Things You'll Need
- Cooking pot
- 1 lb. granulated sugar
- 1 1/4 cups distilled water
- Wooden spoon
- Latex gloves
- Glass jar with lid
- Plastic bucket or tub
- Plastic fork
- Eyedropper
- Microscope with slides
Instructions
Combine 1 lb. of sugar and 1 1/4 cups of distilled water in a large pot. Put the pot on the stove and turn the heat on low. Stir the mixture with a wooden spoon until the sugar dissolves. Remove the pot from the stove and let it cool for at least one hour.

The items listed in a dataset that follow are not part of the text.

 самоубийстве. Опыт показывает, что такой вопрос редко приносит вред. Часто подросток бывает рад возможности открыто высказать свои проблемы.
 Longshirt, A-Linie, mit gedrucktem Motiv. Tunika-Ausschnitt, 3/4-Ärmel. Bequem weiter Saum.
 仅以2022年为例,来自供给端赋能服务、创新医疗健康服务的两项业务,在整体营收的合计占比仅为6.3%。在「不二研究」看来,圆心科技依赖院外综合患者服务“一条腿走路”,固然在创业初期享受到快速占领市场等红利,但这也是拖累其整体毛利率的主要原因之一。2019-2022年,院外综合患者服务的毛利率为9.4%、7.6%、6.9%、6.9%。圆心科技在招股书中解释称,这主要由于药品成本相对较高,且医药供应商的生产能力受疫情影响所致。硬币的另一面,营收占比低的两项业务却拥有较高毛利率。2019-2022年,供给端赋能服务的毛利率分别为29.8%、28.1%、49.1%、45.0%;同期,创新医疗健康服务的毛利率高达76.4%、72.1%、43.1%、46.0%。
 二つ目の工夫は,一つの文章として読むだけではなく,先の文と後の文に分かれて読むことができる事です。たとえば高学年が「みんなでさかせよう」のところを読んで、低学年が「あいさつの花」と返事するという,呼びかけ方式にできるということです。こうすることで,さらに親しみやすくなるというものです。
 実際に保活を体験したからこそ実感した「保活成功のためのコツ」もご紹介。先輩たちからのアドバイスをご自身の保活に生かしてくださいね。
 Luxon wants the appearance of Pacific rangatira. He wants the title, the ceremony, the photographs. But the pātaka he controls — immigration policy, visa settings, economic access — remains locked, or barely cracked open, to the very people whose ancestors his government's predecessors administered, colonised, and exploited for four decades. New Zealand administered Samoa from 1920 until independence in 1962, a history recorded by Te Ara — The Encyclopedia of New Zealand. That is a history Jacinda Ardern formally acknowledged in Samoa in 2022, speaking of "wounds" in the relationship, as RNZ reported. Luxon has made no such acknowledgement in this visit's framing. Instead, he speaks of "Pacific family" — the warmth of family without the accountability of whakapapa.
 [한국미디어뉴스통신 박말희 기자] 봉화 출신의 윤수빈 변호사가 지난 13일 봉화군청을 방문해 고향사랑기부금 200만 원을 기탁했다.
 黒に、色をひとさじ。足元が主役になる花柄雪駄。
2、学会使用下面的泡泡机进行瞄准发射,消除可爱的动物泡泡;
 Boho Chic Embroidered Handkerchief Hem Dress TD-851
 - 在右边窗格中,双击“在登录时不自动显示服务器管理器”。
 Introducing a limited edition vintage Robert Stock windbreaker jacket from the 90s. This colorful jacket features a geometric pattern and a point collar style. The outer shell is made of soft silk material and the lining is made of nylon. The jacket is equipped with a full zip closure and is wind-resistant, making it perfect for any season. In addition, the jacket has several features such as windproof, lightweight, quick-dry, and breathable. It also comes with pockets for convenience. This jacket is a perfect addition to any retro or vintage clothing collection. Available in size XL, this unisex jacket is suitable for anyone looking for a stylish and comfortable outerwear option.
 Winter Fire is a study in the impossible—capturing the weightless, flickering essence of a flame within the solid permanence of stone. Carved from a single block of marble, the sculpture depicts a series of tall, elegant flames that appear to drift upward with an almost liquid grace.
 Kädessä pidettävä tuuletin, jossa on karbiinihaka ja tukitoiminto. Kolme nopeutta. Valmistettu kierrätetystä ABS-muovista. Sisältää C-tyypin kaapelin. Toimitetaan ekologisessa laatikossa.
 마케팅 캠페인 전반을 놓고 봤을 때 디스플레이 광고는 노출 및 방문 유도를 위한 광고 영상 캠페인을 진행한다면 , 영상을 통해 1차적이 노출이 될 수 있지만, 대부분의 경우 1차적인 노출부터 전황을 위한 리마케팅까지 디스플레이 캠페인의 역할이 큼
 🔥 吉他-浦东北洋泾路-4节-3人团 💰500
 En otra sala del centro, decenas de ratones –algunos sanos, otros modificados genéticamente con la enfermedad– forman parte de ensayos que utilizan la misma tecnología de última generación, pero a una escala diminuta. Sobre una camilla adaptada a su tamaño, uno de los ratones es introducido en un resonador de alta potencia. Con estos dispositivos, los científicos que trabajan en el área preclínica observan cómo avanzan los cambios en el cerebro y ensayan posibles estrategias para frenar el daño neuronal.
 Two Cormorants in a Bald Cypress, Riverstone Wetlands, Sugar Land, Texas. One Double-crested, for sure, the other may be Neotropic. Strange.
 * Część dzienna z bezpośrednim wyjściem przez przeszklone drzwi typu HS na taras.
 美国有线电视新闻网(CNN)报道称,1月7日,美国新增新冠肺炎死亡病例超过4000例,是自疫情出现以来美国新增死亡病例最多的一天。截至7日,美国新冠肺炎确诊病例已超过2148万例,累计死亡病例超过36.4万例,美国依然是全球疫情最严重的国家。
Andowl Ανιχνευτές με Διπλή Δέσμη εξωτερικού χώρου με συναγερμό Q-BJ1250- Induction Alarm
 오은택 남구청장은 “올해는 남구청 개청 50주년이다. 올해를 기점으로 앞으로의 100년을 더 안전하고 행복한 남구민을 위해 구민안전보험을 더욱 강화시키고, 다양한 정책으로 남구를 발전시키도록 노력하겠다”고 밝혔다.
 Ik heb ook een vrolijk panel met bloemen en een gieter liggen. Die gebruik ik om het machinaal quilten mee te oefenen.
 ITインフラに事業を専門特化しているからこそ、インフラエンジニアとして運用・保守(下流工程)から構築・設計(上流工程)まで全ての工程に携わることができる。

Wear a pair of latex gloves and collect a sample of your goat's feces. Do not take a sample from feces already lying on the ground. Take a sample directly from the goat. Wait until the goat defecates and immediately scoop it into a plastic bucket or tub. Collect at least six samples.
Fill an empty glass jar with three fecal samples. Mash the samples with a plastic fork.
Add some of the sugar-water solution to the feces in the glass jar. Add enough so the feces liquifies when stirred. Put the lid on the jar and shake it to combine the feces and sugar-water solution.
Suck some of the fecal solution into an eye dropper. Squeeze one drop of the fecal solution onto a clean microscope slide. Place the slide onto a microscope stand, underneath the lens.
Set the microscope to "100x" magnification per the manufacturer's instructions. Look through the lens.
Look for parasites. To properly identify parasites found in the goat's feces, use a parasite identification chart (see Resources).